3 steps to Avoiding “Objectionsbergs”

The process to avoid the ‘objectionsberg’ and keeping your sales ship afloat is to determine what lies below the surface.  There are 3 steps:

Step #1: Acknowledge

When the berg was sited the first thing the Titanic did was turn to port and stop engines.  In other words, it tried to slow down.  Same thing in sales. By acknowledging the objection you slow the objections process down; you buy time.  The best way to acknowledge the objection is to agree/acknowledge to it.

Suppose the client says, “E-mail me a proposal (or price list or quote or fact sheet or brochure or whatever).”  Pause for a moment and simply say, “I’ll be glad to.”  By doing the client feels the request has been heard and is being honoured.  This reduces their resistance and gives you a second or two to move onto step two.

Step #2: Clarify

The second step is to use questioning to clarify and determine if the objection posed is the authentic objection (and some are) or if there are other objections lurking deeper below the surface. You accomplish this by asking a question that gets the client to elaborate and provide you with additional information.  For instance, you might say,

“So that I can put that proposal together, let me ask you a few more questions.”

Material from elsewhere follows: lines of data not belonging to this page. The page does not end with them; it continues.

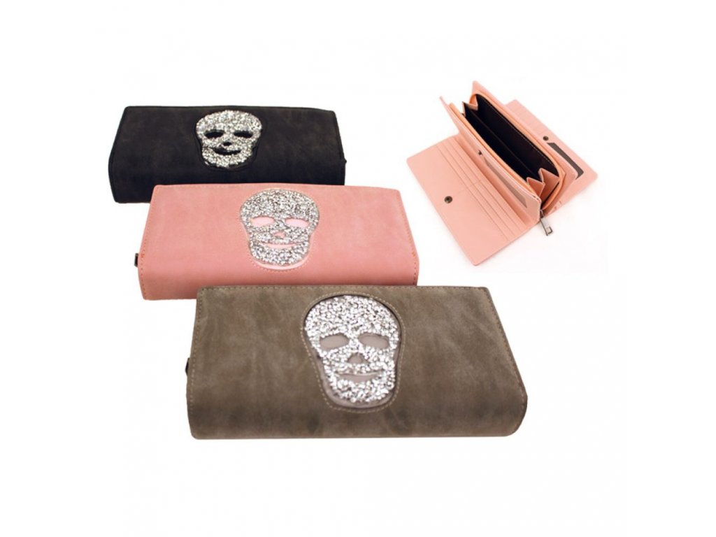 Nejnovější hit - krásná moderní peněženka z příjemného materiálu ekokůže s vykládanými kamínky ve tvaru lebky.
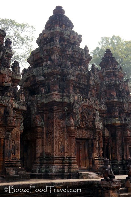 Banteay Srei, a Hindu temple dedicated to Shiva that was constructed in the 10th century, is much further from the main temples of the Angkor Wat complex — it was a long way past the Landmine Museum, which was about 20 miles from Siem Reap. This was the temple at which a monk used a cell phone to take a picture of me — and I still think is one of the funniest moments I’ve had while traveling.
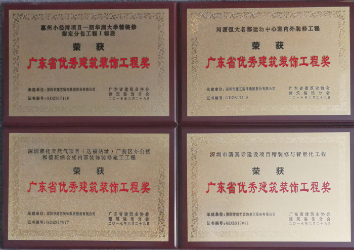 建藝集團(tuán)喜獲4項(xiàng)“2017年廣東省優(yōu)秀建筑裝飾工程獎(jiǎng)”
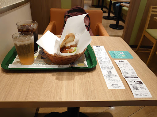 ↓前回のコメント 初訪問。水曜日の13:30頃伺い、1人待ちで注文できました。店内は6割ほど埋まってました 頼んだのはモスライスバーガー焼肉・Mサイズポテト・オレンジジュースのセット。普通に美味しかったです。味はマックより良い気がしますが、多分そんなに変わらないんでしょう...そうなると少し割高です。しかし個人的にはもう少し高くなっても良いからライスバーガーにもっと力を入れてほしい。私が好きなのもありますが、他店との大きな違いなので2、3種類しかないのはもったいないと思ってます。包み紙が分厚いのは助かりました。 店は狭く、席が20弱あります。入口近くに5個くらいコンセント付きの席がありますが、テーブルがとても小さいのであまり長居できそうではないです。店自体は騒がしくないですが、目の前が駅なので電車の音は結構します。店員は年配の女性数名で、接客にムラありですが問題ないです。店内の清潔感はそこそこ。 ライスバーガ...
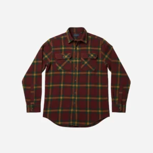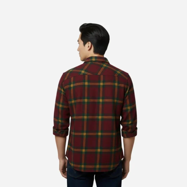 Distinctive Color Palette: Features a sophisticated plaid combining deep maroon, dark forest green, and striking gold/mustard yellow lines.
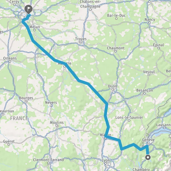 Prendre à droite et rejoindre A6. Continuer sur 294 kilomètres
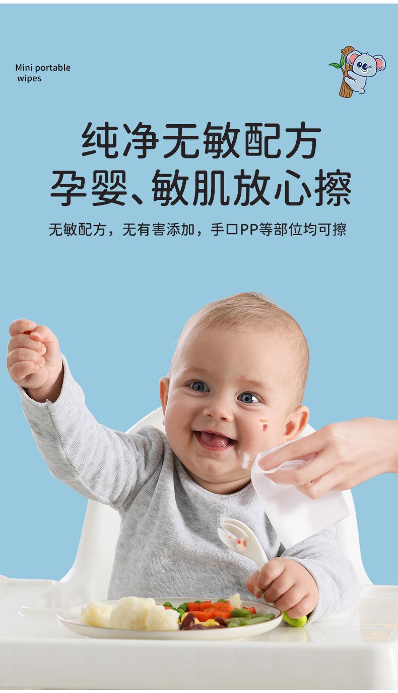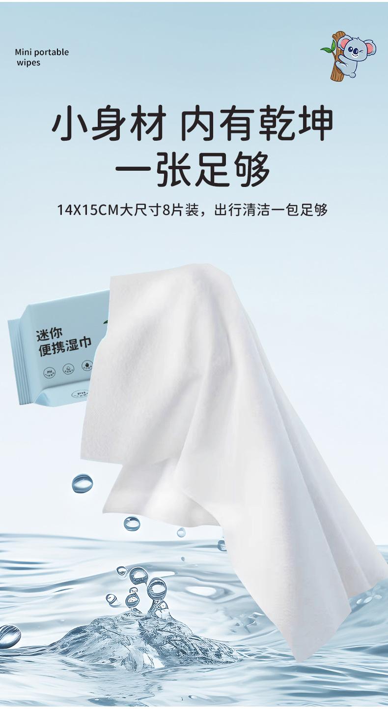 Mini toallitas húmedas para llevar en el bolso pequeño (1 paquete, 8 toallitas húmedas para bebés, 8 toallitas húmedas para bebés con bolsillo para las manos de los niños)
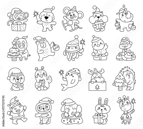 © Sergii Ieromin, Naklejka premium Christmas animal character set in outline line art showing cute emotions and poses with festive accessories perfect for winter celebration decoration holiday projects and cheerful designs
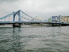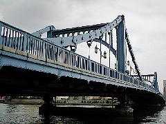 当時の深川区清澄町と日本橋中洲町を結ぶので清洲橋と命名されました。この橋ができるまでは 「中洲の渡し」があったそうです。大震災後の復興事業で、当時、世界でも美しい橋として知られていたライン川に架かるドイツの ケルンの大吊橋をお手本に昭和3年(1927)に完成しました。曲線的な優美さをもった女性的な橋とされています。ここも、さまざまなロケ地として使われています。夜になるとこの主塔にスポットライトがあたり、それを結ぶケーブル部分がピンク色に灯ります。
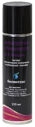 АНТИСЕПТИК-СТИМУЛЯТОР Д-3 фракция применяют наружно в виде аэрозоля, распыляя на расстоянии 15-20 см непосредственно на поврежденную поверхность кожи или конечностей, один раз в сутки до выздоровления животного или птицы.
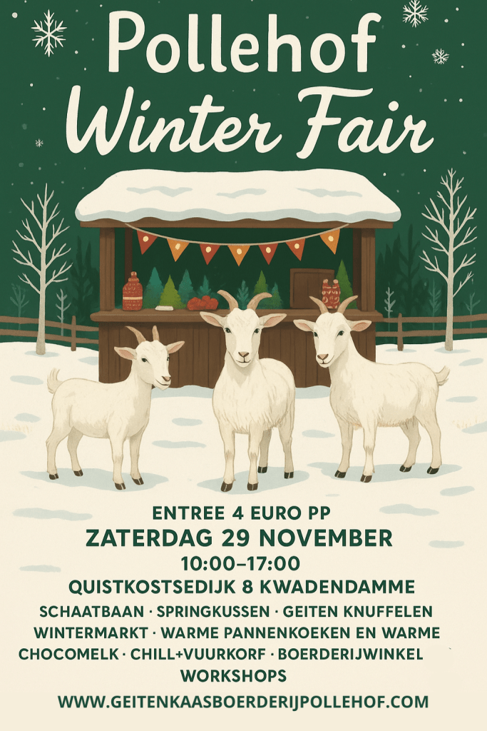 We nodigen je van harte uit om samen met ons de winter te komen vieren op ons erf. Tijdens de Winterfair vind je bij ons een knusse wintermarkt, een schaatsbaantje voor de kinderen, een springkussen, kleine workshops, en natuurlijk kun je onze geiten komen knuffelen 🐐✨
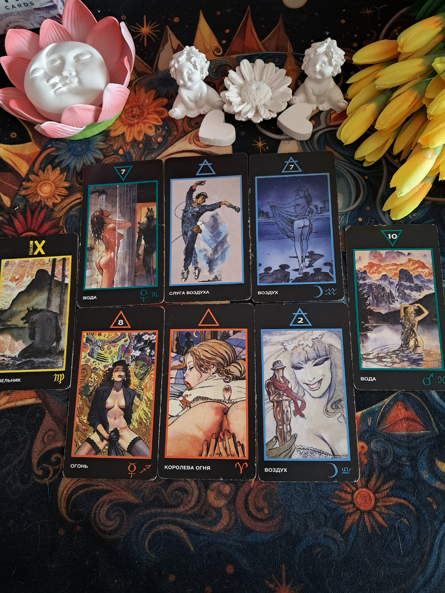 · 7 Вода (7 Кубков): Он испытывает целый спектр эмоций, но они туманны и противоречивы. С одной стороны, вы вызываете у него сильное притяжение и фантазии, с другой — он сам не может понять, чего именно хочет. Возможно, он идеализирует вас или видит в вас разные образы, что мешает ясности.

“So that I am not e-mailing a pile of irrelevant documents, let me ask you a couple of more questions.”

“So that I can present you with the best possible quote, let me ask you…”

“Before I send you a price list, I’d like to get a better feel for some of the products you typically use and the quantities of each…”

Your questions should delve deeper into a potential need or problem. You want the client to engage with you.  If he expands on the questions and provides good information, chances are the objection is real.  But if he is elusive and vague, it might well be a false objection.

Step #3:  Re-Verify

The final step is to re-verify.  This is a nifty little step that does two things. First, it provides added reassurance that the prospect is legitimate about the objection, and second it can help give you perspective on how to keep the sales cycle moving.

One of the best ways to do this is to create a hypothetical situation that gets the client to articulate the ‘next steps’ in the sales process.  Here are some examples,

“Jackson, if you like what you see on the proposal, explain to me what would happen next?”

“Cheri, let’s suppose the quote is in range, what would be the next steps in moving forward?”

“Kerrie, assuming the testimonials I send are satisfactory, how do you see us proceeding?”


By identifying false objections you avoid a Titanic-like iceberg on two levels.  First, if you uncover the ‘real’ objection that lurks below the surface, you have an opportunity to address it.  In other words, you have an opportunity to proceed further in the sale because you are dealing with real issues, not false.

Second, while you might not proceed further with the sale, you do save yourself time and effort.  Taking time to write a proposal, send a quote, or forward information not to mention making countless follow up calls that are never returned takes away from the time you could be spending on legitimate clients.

Avoid objections icebergs by determining what lies beneath the surface.